▶ [Exercise] Could you copy the records below exactly, keeping none of the images?

==================================================

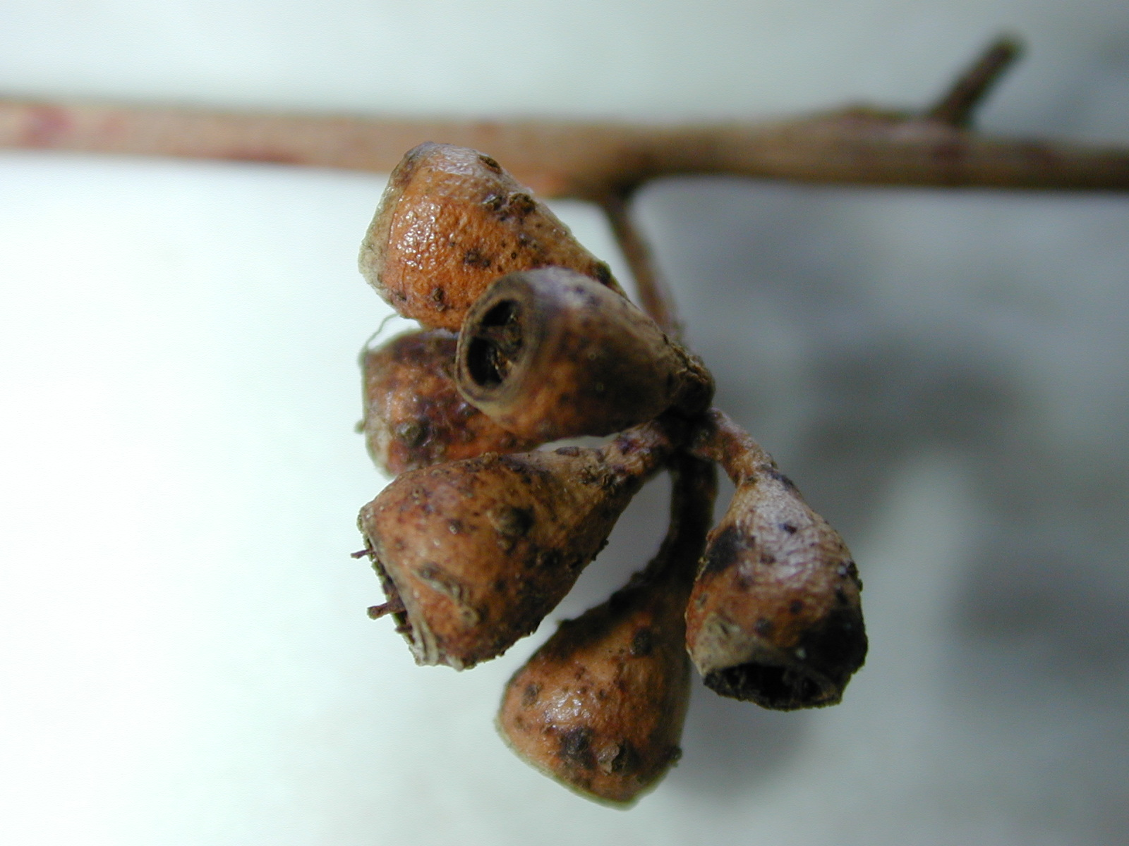 Eucalyptus crebra (narrow leaved ironbark). Location: Maui, Hobdy collection
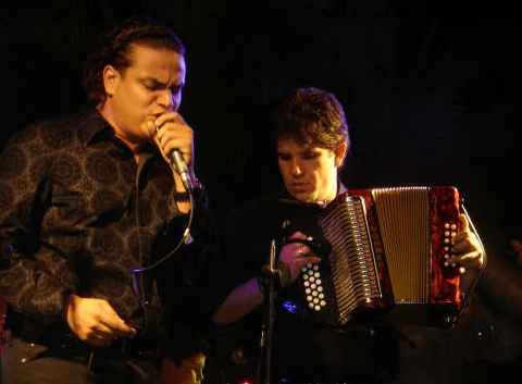 Colombian Vallenato singer Silvestre Dangond and Vallenato accordion player Juan Mario De la Espriella, also known as "Juancho"
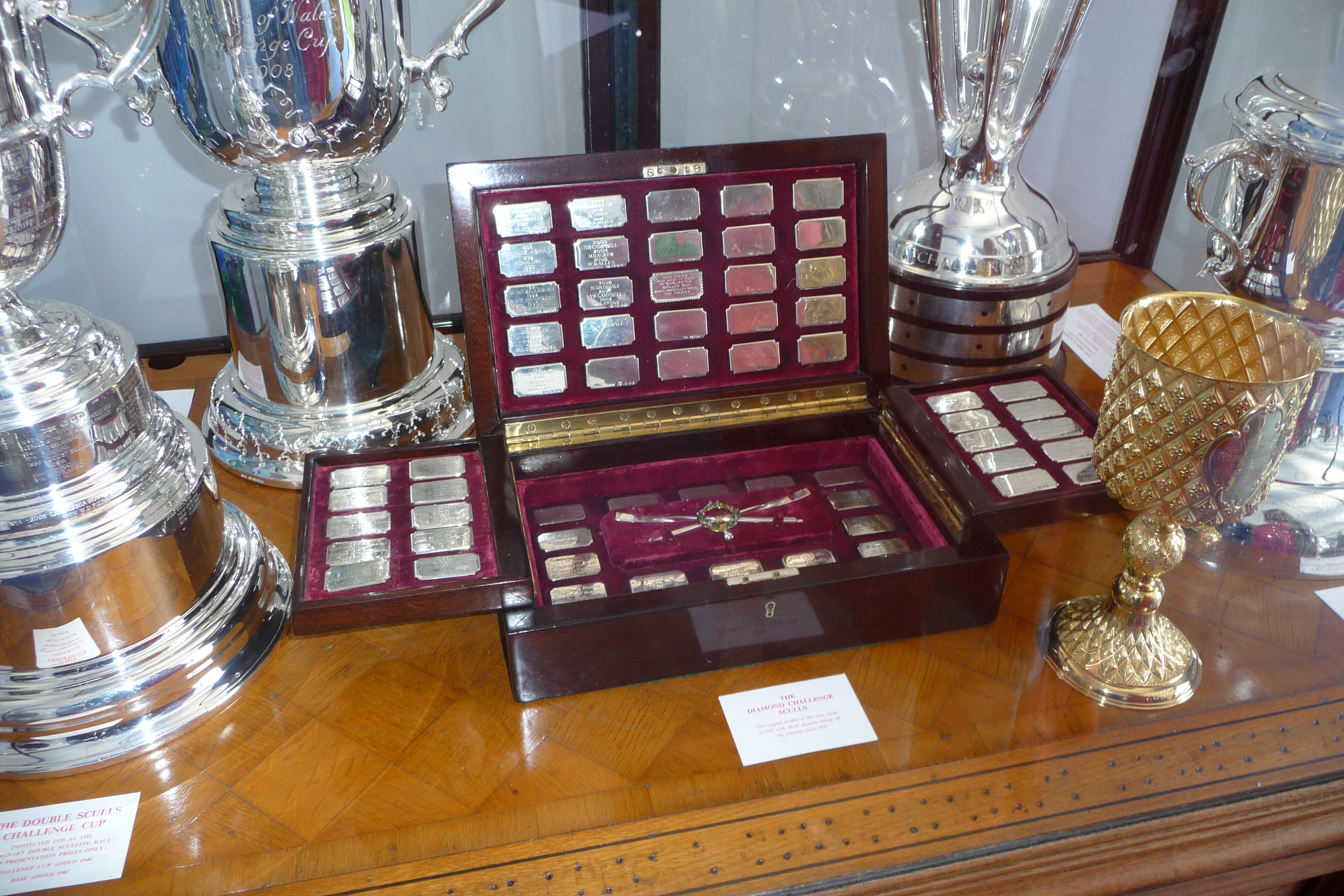 The Diamond Challenge Sculls Trophy (centre, in wooden box), photographed in the Prize Room of the Stewards Enclosure at Henley Royal Regatta 2010
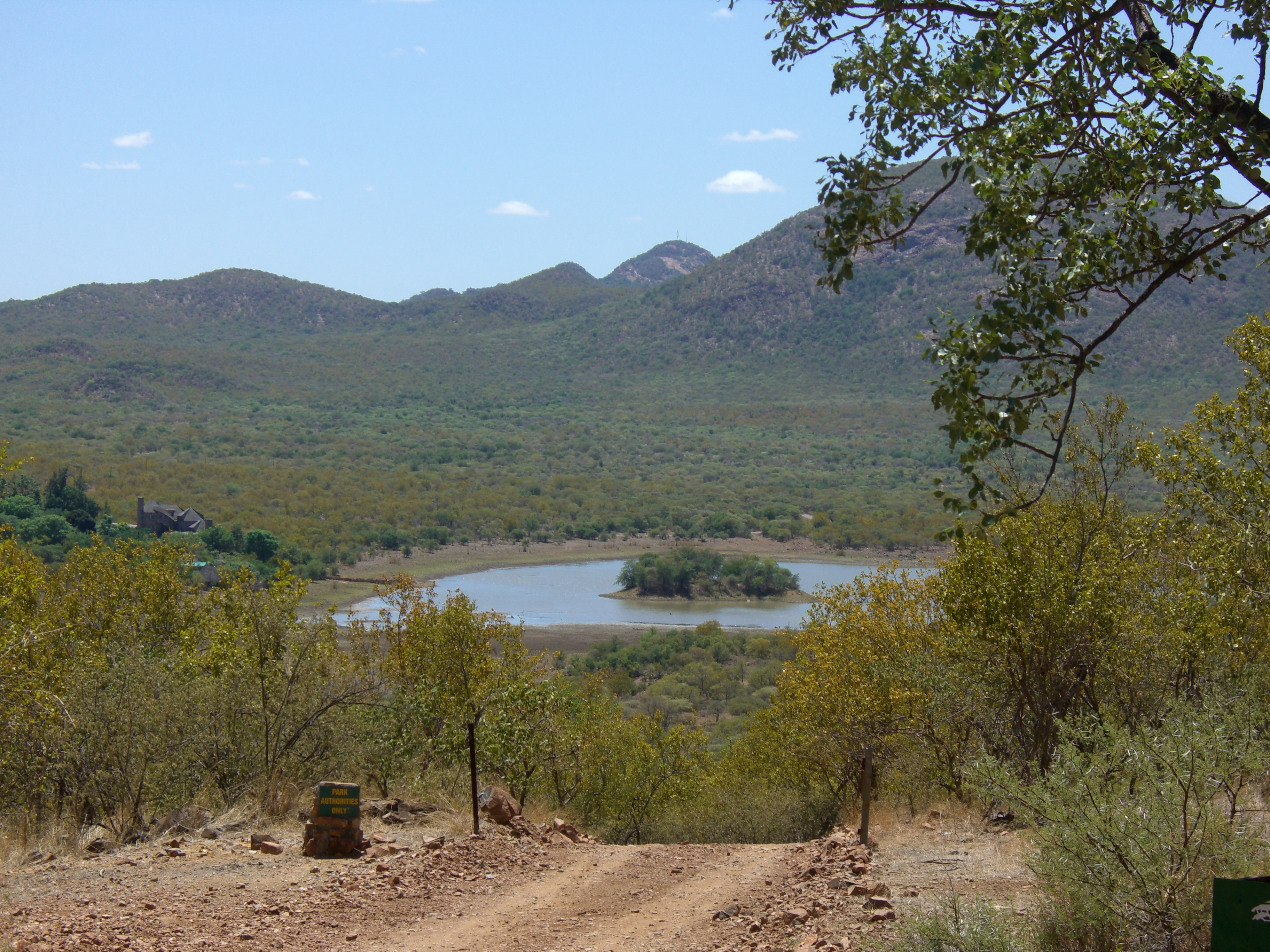 The view at Mokolodi Nature Reserve
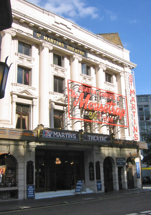 St martins theatre, London
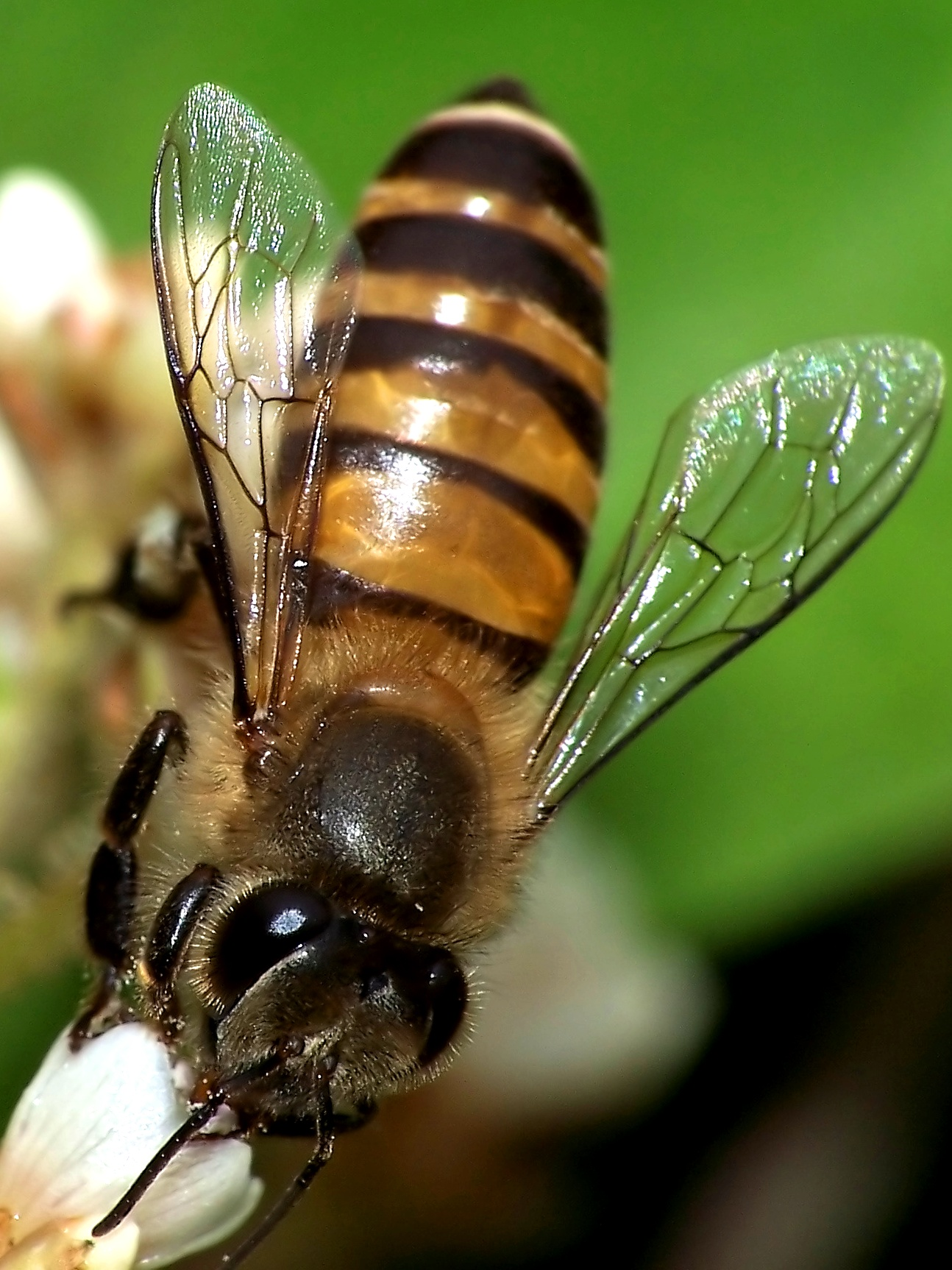 Saw near my home.
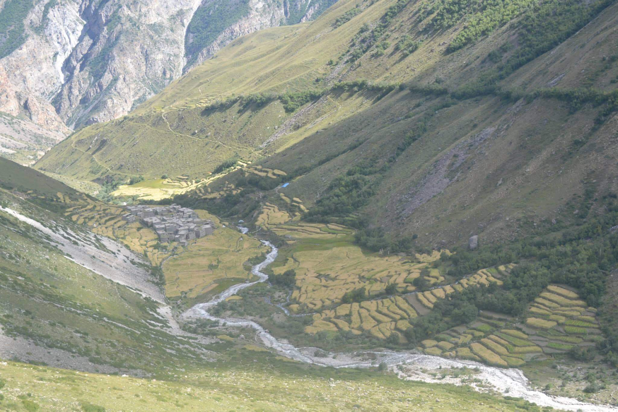 tila from opposite hill

==================================================

▶ [Final answer]
 Eucalyptus crebra (narrow leaved ironbark). Location: Maui, Hobdy collection
 Colombian Vallenato singer Silvestre Dangond and Vallenato accordion player Juan Mario De la Espriella, also known as "Juancho"
 The Diamond Challenge Sculls Trophy (centre, in wooden box), photographed in the Prize Room of the Stewards Enclosure at Henley Royal Regatta 2010
 The view at Mokolodi Nature Reserve
 St martins theatre, London
 Saw near my home.
 tila from opposite hill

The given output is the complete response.